RLI Premiership
- Sport: Rugby league
- Founded: 1997; 29 years ago
- No. of teams: 5
- Country: Ireland
- Most recent champion: Banbridge Broncos (2025)
- Most titles: Treaty City Titans (8 titles)
- Level on pyramid: 1
- Website: rli.ie

= RLI Premiership =

The RLI Premiership is the top tier of domestic rugby league in Ireland founded in 1997.
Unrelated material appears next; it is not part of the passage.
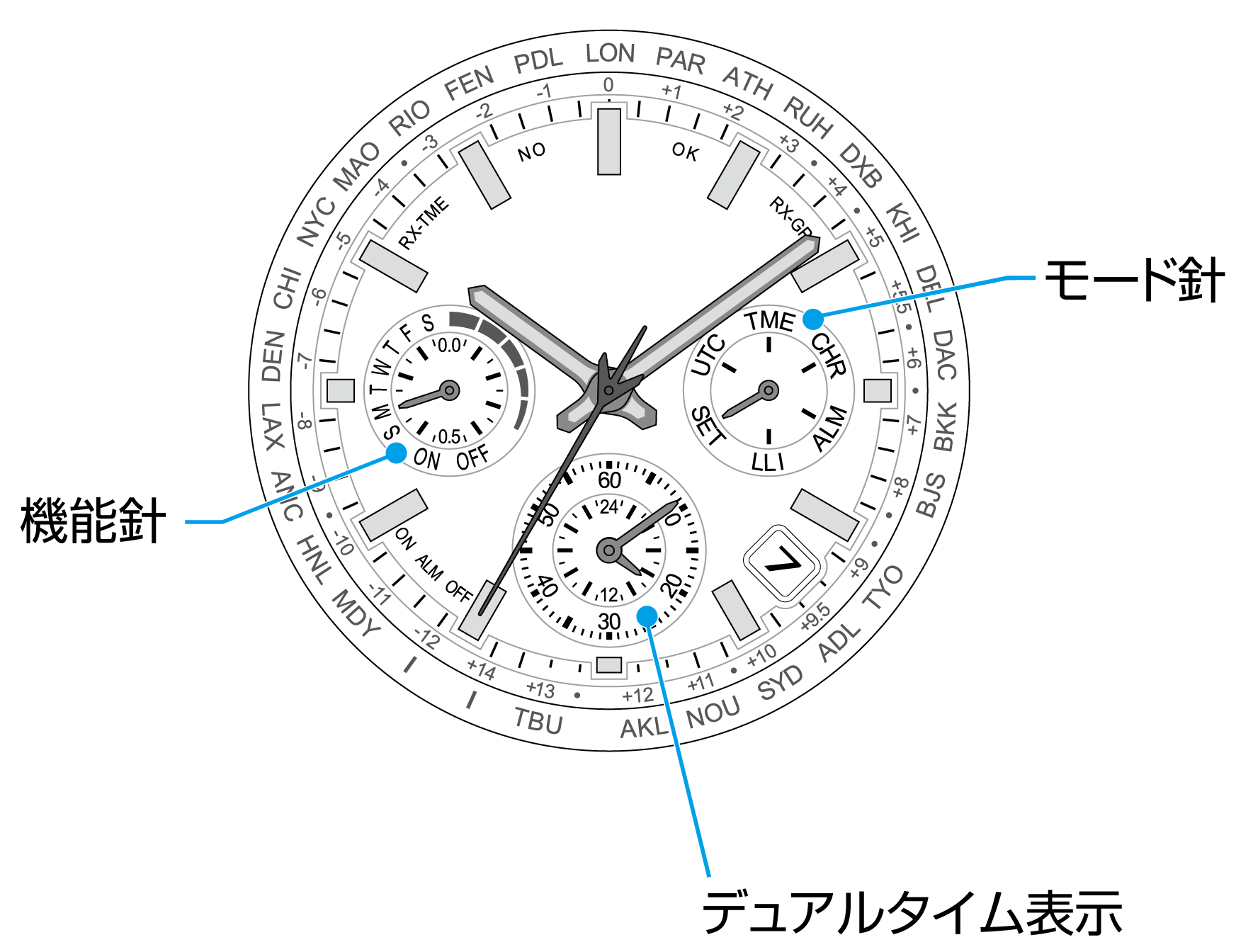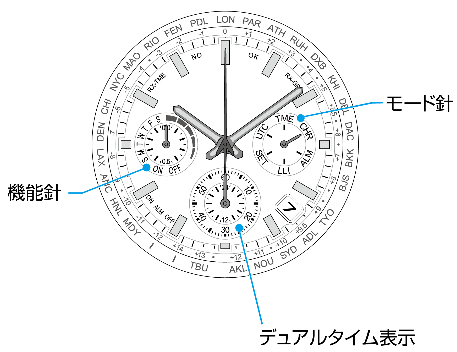 | デュアルタイム表示 | ローカルタイムの時刻を表示します。 | |

The competition was founded as the "All-Ireland Challenge Cup", and has undergone many name changed in history having also been named the "All-Ireland League", "Irish Elite League", "All-Ireland Championship", and "All-Ireland Rugby League Championship" before being named its current title.

== History ==

The first domestic rugby league club in Ireland were the Dublin Blues. They were a club founded in 1989 by Brian Corrigan.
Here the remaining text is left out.